I implemented the algorithm referring to pbrt-v3
without some components which I think have little influence on the intersection test.
Below is the code perform intersection test:
bool Triangle::intersectP(const Ray &r, Point3f p0, Point3f p1, Point3f p2) const {
// translate
Point3f p0_ = p0 - r._o;
Point3f p1_ = p1 - r._o;
Point3f p2_ = p2 - r._o;
// permute, to make sure z-dimension is not zero
// permutation is just like to circular move right/left until z is largest dimemsion.
int kz = r._d.maxDim();
int kx = kz+1; if (kx == 3) kx = 0;
int ky = kx+1; if (ky == 3) ky = 0;
// swap coord
Vec3f d_ = r._d.permute(kx, ky, kz);
p0_ = p0_.permute(kx, ky, kz);
p1_ = p1_.permute(kx, ky, kz);
p2_ = p2_.permute(kx, ky, kz);
// shear
float Sx = -d_.x()/d_.z();
float Sy = -d_.y()/d_.z();
float Sz = 1.0f/d_.z();
// perform transform (p.z doesn't matter now)
p0_[0] += Sx*p0_[2];
p0_[1] += Sy*p0_[2];
p1_[0] += Sx*p1_[2];
p1_[1] += Sy*p1_[2];
p2_[0] += Sx*p2_[2];
p2_[1] += Sy*p2_[2];
// signed edge function to judge whether origin's projection in projected triangle
float e0 = p1_.x()*p2_.y() - p2_.x()*p1_.y(); // p1 -> p2
float e1 = p2_.x()*p0_.y() - p0_.x()*p2_.y(); // p2 -> p0
float e2 = p0_.x()*p1_.y() - p1_.x()*p0_.y(); // p0 -> p1
// perform high-precision at edges
if (e0 == 0.0f || e1 == 0.0f || e2 == 0.0f) {
double p0xp1y = (double)p0_.x() * (double)p1_.y();
double p1xp0y = (double)p1_.x() * (double)p0_.y();
e2 = (float)(p0xp1y - p1xp0y);
double p1xp2y = (double)p1_.x() * (double)p2_.y();
double p2xp1y = (double)p2_.x() * (double)p1_.y();
e0 = (float)(p1xp2y - p2xp1y);
double p2xp0y = (double)p2_.x() * (double)p0_.y();
double p0xp2y = (double)p0_.x() * p2_.y();
e1 = (float)(p2xp0y - p0xp2y);
}
// edge detection
if ( (e0 < 0 || e1 < 0 || e2 < 0) && (e0 > 0 || e2 > 0 || e1 > 0) )
return false;
float det = e0 + e1 + e2;
if (det == 0) // on edge
return false;
// compute z value (i.e. t)
p0_[2] *= Sz;
p1_[2] *= Sz;
p2_[2] *= Sz;
float tScaled = e0*p0_.z() + e1*p1_.z() + e2*p2_.z();
if (det < 0 && (tScaled >= 0 || tScaled < r._tmax*det) ) return false;
else if (det > 0 && (tScaled <= 0 || tScaled > r._tmax*det) ) return false;
return true;
}
Unlike pbrt, my implement use right-hand coordinate and row-major matrices, but I think this do not influence the correctness of this piece of code.

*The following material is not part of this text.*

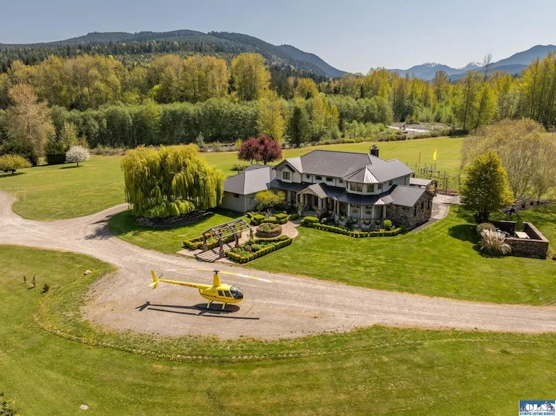 This empire era manor house on 18.75 acres and a quarter mile of river frontage combines the solid materials and fine craftsmanship of the old world with the amenities and conveniences demanded of today s lifestyle. The foundation, wood cladding, and heavy stone-facing appear to rise out of the earth, firmly planting the home in the center of the sprawling farm stead along the edge of the historic Dungeness River. The interiors are remarkable at every level: from the blown glass light fixtures to the thousands of board feet of custom Honduran mahogany paneling and trim, to the antique chestnut flooring, to the custom steel work and timber crafted antique oak frames this marvelous home shows both elegant grandeur and a comfortable coziness rare in any era. Controlled access to the property and main house is through a stone and custom steel gate, key and remote controlled. You enter and drive along a meandering, ornamental cherry tree-lined driveway. As you approach the home on the right there are extensive fenced berry fields and fruit trees. At the end of the driveway you see the multi-purpose agricultural building that includes a commercial processing kitchen (or to support large events) with cold and dry storage, a high-bay for a small 4-seater helicopter, 40 foot diesel pusher, and/or agricultural drying, several heated workshop/storage spaces, and ten farm equipment bays. The 18.75 acre farm has NOP/WSDA certified organic crop producer status. Beyond the Ag building runs the quarter mile frontage of the dike protected Dungeness River. The main house is oriented with its long axis running east-west allowing all interior spaces to be washed with abundant daylight, following the day s activities from sunrise to sunset. The walkway to the entry porch is crafted using Japanese sashimono joinery, the arched trellis assembled without any metal fasteners at the hinge-points. The walkway is flag-stone paved enveloping a center sculptural element midway. To the east end of the home is the garage and guest apartment, to the west is the south facing primary suite. The center of the home is where the expansive kitchen and dining nook is located, the main dining room, the formal staircase to the upper level and a timber crafted beamed living room ceiling with a majestic stone and copper clad modified Rumford fireplace, warmly embracing the entire primary living spaces. All, including the entry area, are overlooked by the open bridge that joins the two halves of the upper level: to the east are two refined bedrooms with private vanities and built-ins and a shared shower/toilet room; to the west the large media room with state-of-the-art sound system, 110 projection screen, under counter refrigerator and bar sink. Opposite the media room is the large home office with built-in desks. The primary living spaces and Kitchen open on to an outdoor enclosed dining room, trellis covered patio, a freestanding pergola, both framed in massive redwood timbers (the pergola includes custom outdoor dining furniture, a custom rolling chopping block/pizza prep table, and projection screen for outdoor movies), and a massive, stone faced wood fired oven suitable for pizzas and other cooking including a stainless steel prep table. The setup includes all the custom-made oven tools on a rolling stand. This area has a massive outdoor firepit with footrests and a cooking swing arm set into the stone work patio. Stone and wood benches at the perimeter bracket the area, all which is highlighted by a beautiful stone moving-water feature. Espaliered fruit trees bracket the outdoor living spaces which overlook the farm fields and hot houses. On the exterior heavy stone veneer at the entry and surrounding wainscot are combined with 28 number one sawn cedar shingles and cedar trim, pre-finished with two finish topcoats after installation to wrap the home in solid cladding. Attached garage for 2 cars, detached can accommodate a helicopter or RV and 9 more cars.

Most of the time, this function works fine. However, artifacts appears when I do occlusion test to the light sources, where r._tmax
has a specific value (the distance between intersection point and light sample point).
I tested the algorithm with a plane and a point light above it, however just use the position of the light, radiance is not computed, and this is why I think the problem is caused by intersection implementation. If unoccluded, a value is returned as radiance, otherwise zero.
Vec3f PointEmitter::evalDirect(std::shared_ptr<Scene> scene, const IntersectInfo &isect_info, const Point2f &u) const {
Vec3f wi;
float light_pdf;
VisibilityTester vt;
Vec3f Li_sampled = sample_Li(isect_info, wi, light_pdf, vt, u);
Vec3f f = isect_info._bsdf->f(isect_info._wo, wi)*std::abs(isect_info._shading._n.dot(wi));
return (scene->intersectP(IntersectInfo(_p).spawnRayTo(isect_info))) *100;
}
And another open box-like polygon, with same light:
There's a circle-like region obviously stands out on the surface.
I consider this comes from the float point error when comparing r_tmax
and the distance. But the code already uses double-precision. Can anyone help?